Доктор колебался. Он был много читающим человеком и каждый свободный вечер был очень дорог для него. Да и мать будет ждать его к обеду. Нет, следует остаться, внизу у него стоит карета и он может послать домой человека с сообщением. Мать вряд ли сильно расстроится, ведь он, доктор Олливент, редко обедает без матери. Долг и дела кричали — обедай на Вимпоул-стрит, но желание остаться было так сильно, что он принял приглашение.

— Я никогда не пил вина после обеда, — сказал он, — но я останусь, чтобы послушать пение мисс Чемни.

Глава 3

Молодой человек, которого мисс Чемни случайно увидела из окна своего дома, был ее сосед по улице, студент-художник. Ему не приходилось много работать, молодой человек имел несчастье быть богатым. Но это значило для него очень мало, с точки зрения благоразумия ему было все равно, беспечный он или трудолюбивый человек. Но поскольку он имел страсть к абстрактному искусству и большое желание попасть в число выдающихся современных художников, ему приходилось работать, или это казалось, что он работает усердно. Он, однако, был несколько суетлив в своей работе, и, подобно Флоре, был склонен находить, что закончить работу труднее, чем начать. Подобно Флоре, он открыл для себя, что анатомия человека, без прикрытия ее надлежащим образом одеждой, одна из самых скучнейших вещей на свете, что человеческий скелет со множеством его различных костей не в состоянии разбудить воображение.

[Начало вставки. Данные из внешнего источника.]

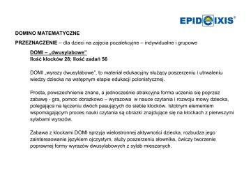 DOMINO MATEMATYCZNE PRZEZNACZENIE – dla dzieci na zajęcia pozalekcyjne – indywidualne i grupowe DOMI – „dwusylabowe” Ilość klocków 28; Ilość zadań 56 DOMI „wyrazy dwusylabowe”, to materiał edukacyjny służący poszerzeniu i utrwaleniu wiedzy dziecka na wstępnym etapie edukacji polonistycznej. Prosta, powszechnienie znana, a jednocześnie atrakcyjna forma uczenia się poprzez zabawę - gra, pomoc obrazkowo – wyrazowa w nauce czytania i rozwoju mowy dziecka, polegająca na łączeniu dwóch pasujących do siebie klocków. Istotnym elementem wspomagającym proces nauki czytania są obrazki znajdujące się na klockach z pierwszymi sylabami wyrazów. Zabawa z klockami DOMI sprzyja wielostronnej aktywności dziecka, rozbudza jego zainteresowanie językiem ojczystym, służy poszerzeniu słownika, ćwiczy tworzenie poprawnej formy wyrazów dwusylabowych z sylab mieszanych. Cele ogólne:  Doskonalenie spostrzegawczości wzrokowej i wrażliwości słuchowej  Poszerzanie i bogacenie zasobu słownikowego  Wspomaganie początkowej nauki czytania Cele szczegółowe:  Odróżnia pojęcia: sylaba, wyraz  Rozpoznaje sylaby otwarte i łączy je w proste wyrazy dwusylabowe w oparciu o obrazki  Tworzy poprawne formy wyrazów dwusylabowych z sylab mieszanych  Czyta wyrazy o prostej budowie sylabowej  Układa klocki DOMI zgodnie z podaną lub z odkrytą zasadą  Sposoby realizacji: 1. Ćwiczenia i zabawy wprowadzające (wstępne), np. a) Dokończ słowo: Prowadzący prosi o dokończenie wyrazu zaczynającego się od podanej sylaby np.: MA – ma, - ta, - rek, - lina; KO – ra, - łek, - tek, - rona b) Ukryta sylaba: Prowadzący rozkłada zestaw obrazków zawierających w swej nazwie sylaby potrzebne do zabawy. Prosi o wybranie obrazka, w nazwie którego ukryła się np., sylaba BA (ryba, baranek, batonik) itp. c) Zaproszenie: Prowadzący rozdaje dzieciom obrazki zawierające w swoich nazwach ukryte sylaby. Dzieci rozpoznają i nazywają obiekty na obrazkach, wymawiają głośno nazwy i dzielą je na sylaby. Prowadzący zaprasza do siebie dziecko z obrazkiem, którego nazwa:  zaczyna się na daną sylabę  kończy się podaną sylabą  zawiera podaną sylabę w środku nazwy. d) Mały odkrywca: Prowadzący wypowiada ciąg słów. Zadaniem dziecka jest uważne słuchanie i odgadnięcie, co ukryło się w wypowiedzianych słowach. np. miasto, ciasto, stokrotka, stopa, stonoga malina, kalina, Paulina, Halina, dolina listek, listonosz, blisko, ślisko, listwa tort, motor, torba, Batory, tornister 2. Prezentacja kolejnych zestawów klocków DOMI a) szczegółowy ogląd i przeliczenie klocków b) swobodne manipulowanie klockami DOMI – układanki, konstrukcje c) rozpoznawanie i nazywanie obiektów na kolejnych klockach d) poznanie celu oraz odkrycie zasad gry w domino obrazkowe, obrazkowo – sylabowe, obrazkowo – wyrazowe e) rozgrywka próbna (uczeń – nauczyciel lub dziecko – rodzic) 3. Samodzielne (lub w parze) układanie klocków DOMI w pętlę, zgodnie z podanym lub odkrytym warunkiem. 4. Odczytywanie ułożonych wyrazów jedno-, dwusylabowych – usprawnianie techniki czytania różnymi sposobami. Warianty: 1. Rusz głową – powiedz słowo a) prowadzący tworzy koło z klocków DOMI odwróconych sylabami do dołu, następnie odkrywa jeden klocek, który zawiera 2 sylaby – końcową oraz początkową i wypowiada 2 słowa z tymi sylabami np. -bek wa- kubek - waga  drugie słowo ułożyć łatwo, bo ilustruje je obrazek na klocku b) kolejny klocek odkrywa dziecko i stara się powiedzieć 2 słowa z wylosowanymi sylabami; jeśli ma problem pomaga mu prowadzący c) sytuację powtarza następne dziecko lub ponownie prowadzący d) zabawa w układanie słów trwa do momentu odkrycia ostatniego klocka. 2. Gra o charakterze rozgrywki dla 2 – 4 zawodników a) prowadzący układa klocki DOMI obrazkami do dołu b) zawodnik rozpoczynający grę wybiera klocek i odwrócony kładzie na stole c) kolejny zawodnik robi to samo; jeśli jego klocek pasuje do leżącego na stole, to dokłada go, a jeżeli nie pasuje – zabiera i odkłada obok siebie d) zwycięża zawodnik, który jako pierwszy pozbędzie się wszystkich klocków. 3. Gra w domino w wersji „memory” – „Ułóż wyraz”: a) prowadzący układa 28 klocków DOMI w 4 rzędach po 7 klocków w rzędzie, zapisem i obrazkami do dołu b) dziecko odkrywa dwa dowolne klocki i dokłada je do siebie; jeśli sąsiadujące z sobą sylaby tworzą wyraz, to zostawia je odsłonięte na stole; jeśli nie tworzą wyrazu – odkłada zakryte klocki w to samo miejsce i stara się zapamiętać ich położenie c) kolejne dziecko odkrywa 1 klocek; jeśli pasuje do odkrytych na stole – dokłada go (z lewej lub z prawej strony), jeśli nie pasuje – odkłada na to samo miejsce gra toczy się do momentu, aż wszystkie klocki zostaną odkryte i ułożone w wyrazowego „węża” zgodnie z zasadami domina.
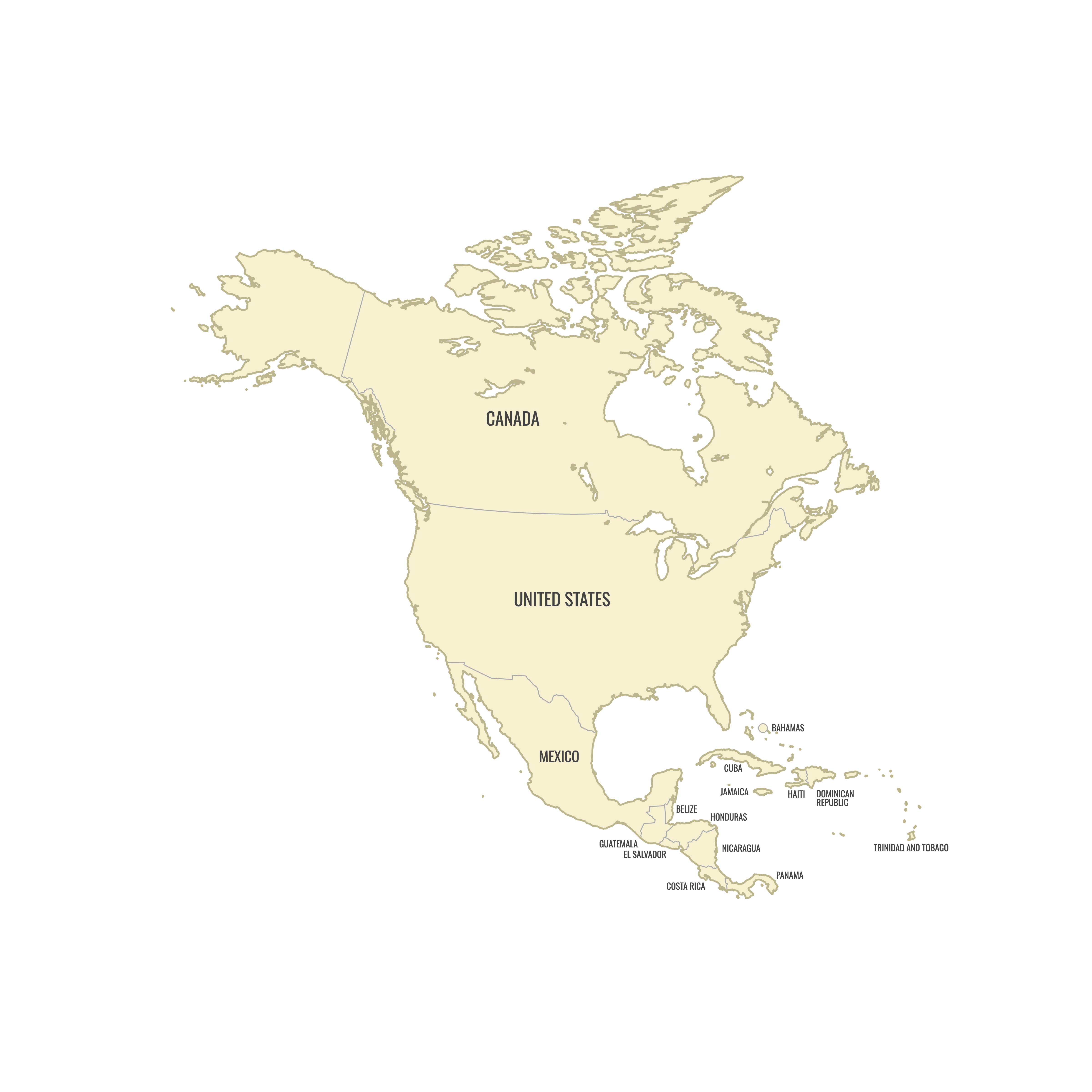 Create a personalized map of North American countries with our extensive customization features, perfect for those wanting to print or extend their maps further. Export your map in high-quality PNG or SVG formats, suitable for professional use or educational projects.
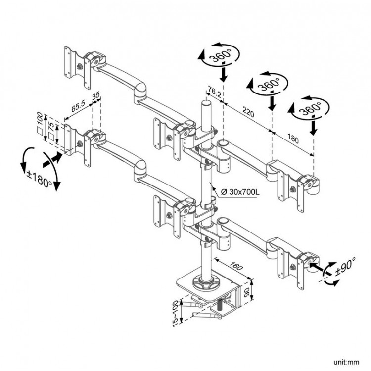 Joint Six is geschikt voor maar liefst 6 monitoren en kan een per monitor een gewicht aan van 6kg. Is eenvoudig met 1 hand in verschillende hoogtes aan te passen aan de behoefte van de gebruiker. Breng de monitorarm op de juiste hoogte om de perfecte en ergonomische kijkhoogte in te stellen en verminder oog-, rug- en nekbelasting.
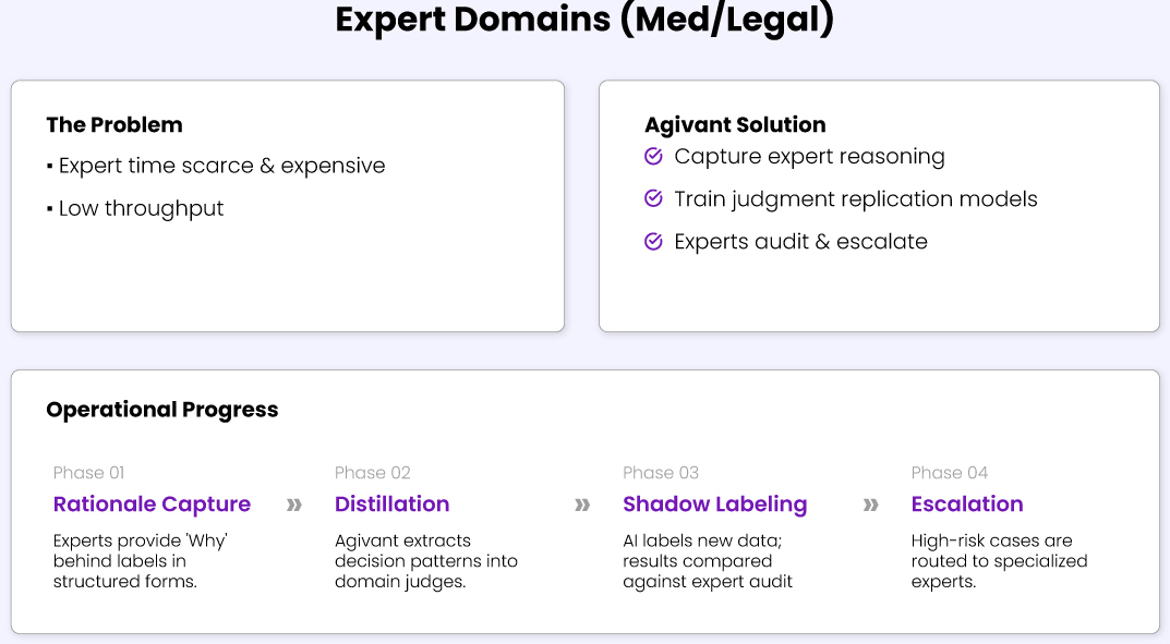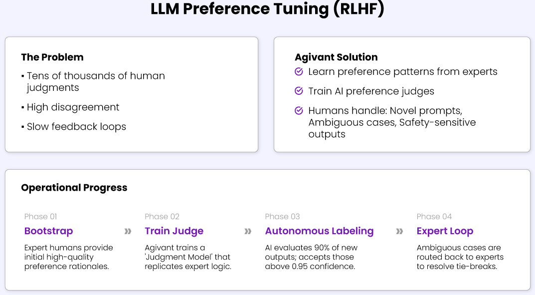 Rapid iteration of large AI models was constrained by slow, human-heavy data annotation pipelines. Each training cycle required tens of thousands of manual labels, delaying experiments, increasing costs, and limiting iteration velocity.
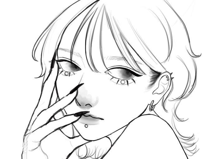 ツキちゃん(@___nebula02 )の線画塗らせて頂いた〜❗️🤍 めちゃくちゃ顔が良くて小物も全部可愛くてなにより線画が綺麗で丁寧で色塗るの楽しすぎた😽 ツキちゃん素敵な線画をありがとう〜❗️🤍
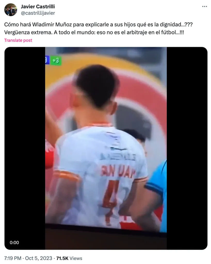 “¿Cómo hará Wladimir Muñoz para explicarle a sus hijos qué es la dignidad? Vergüenza extrema. A todo el mundo: eso no es el arbitraje en el fútbol”, comentó en su cuenta de Twitter.
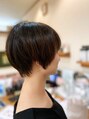 顔まわりを丸いラインで切るかわいくて小顔に見えるショートです。コンパクトシルエットにするため仕上げはオイル・バーム・クリームでつやつやに( *´艸`)
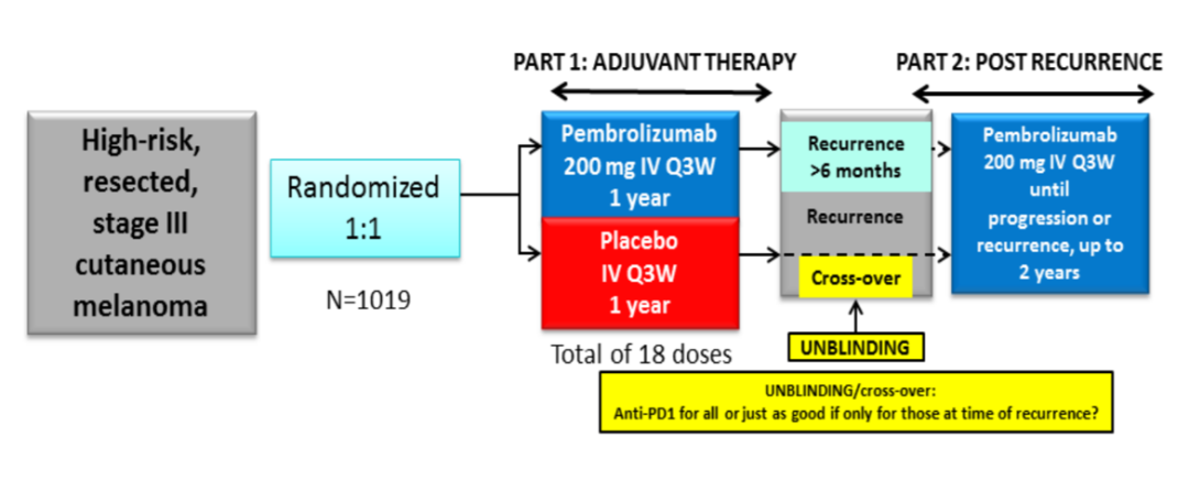 [1]Eggermont AMM, Blank CU, Mandala M, et al. Adjuvant Pembrolizumab versus Placebo in Resected Stage III Melanoma. N Engl J Med. 2018;378(19):1789-1801. doi:10.1056/NEJMoa1802357
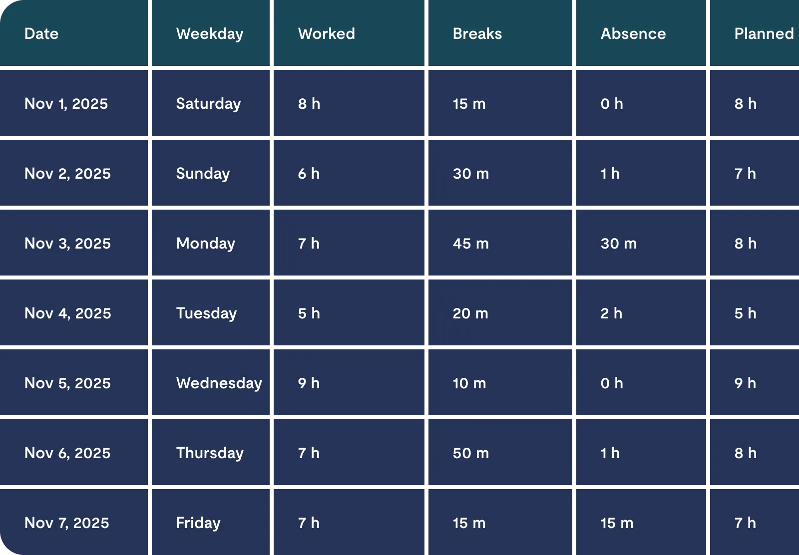 Provides a complete overview of work hours, breaks, and overtime within your chosen pay period (e.g. weekly or monthly)
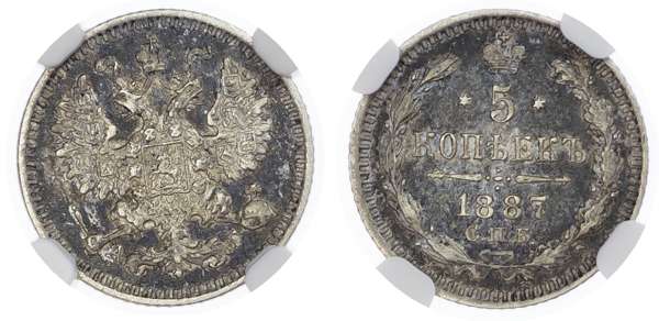 Russia, Empire. Alexander III AR 5 Kopeck. St. Petersburg mint, 1887. ‡

— Я думаю, что Рубенсу приходилось заниматься такого рода вещами, — сказал этот мистер Лейбэн после тяжелого рабочего дня в частной школе, находящейся не так далеко от Фитсрой-сквер. — Он никогда не смог бы нарисовать так Христа, как на той картине, которая находится в Антверпенском музее, если бы не усердные занятия анатомией. О, как бы я хотел пройти через все это и работать над моей первой исторической картиной! Иногда действительно могут показаться глупостями эти надоевшие кулаки, локти, коленки. Это было бы не совсем подходящим для меня, если бы я хотел сделать свою репутацию на полуобнаженных греках и римлянах, Язоне и Золотом Руне, Тезее и Ариадне, Горации, или, как его там, и на прочей такой ерунде. Если бы когда-либо я смог нащупать дорогу в глубь веков, во времена, предшествующие Испанской Армаде, то возможно, что в «Таймс» поместили бы сообщение обо мне, как об анахронизме. Нет, Мария Стюарт, Босвелл, убийца регента Морея, совершивший свое деяние из окна в Линлитгоу — вот на предотвращение чего я потратил бы деньги.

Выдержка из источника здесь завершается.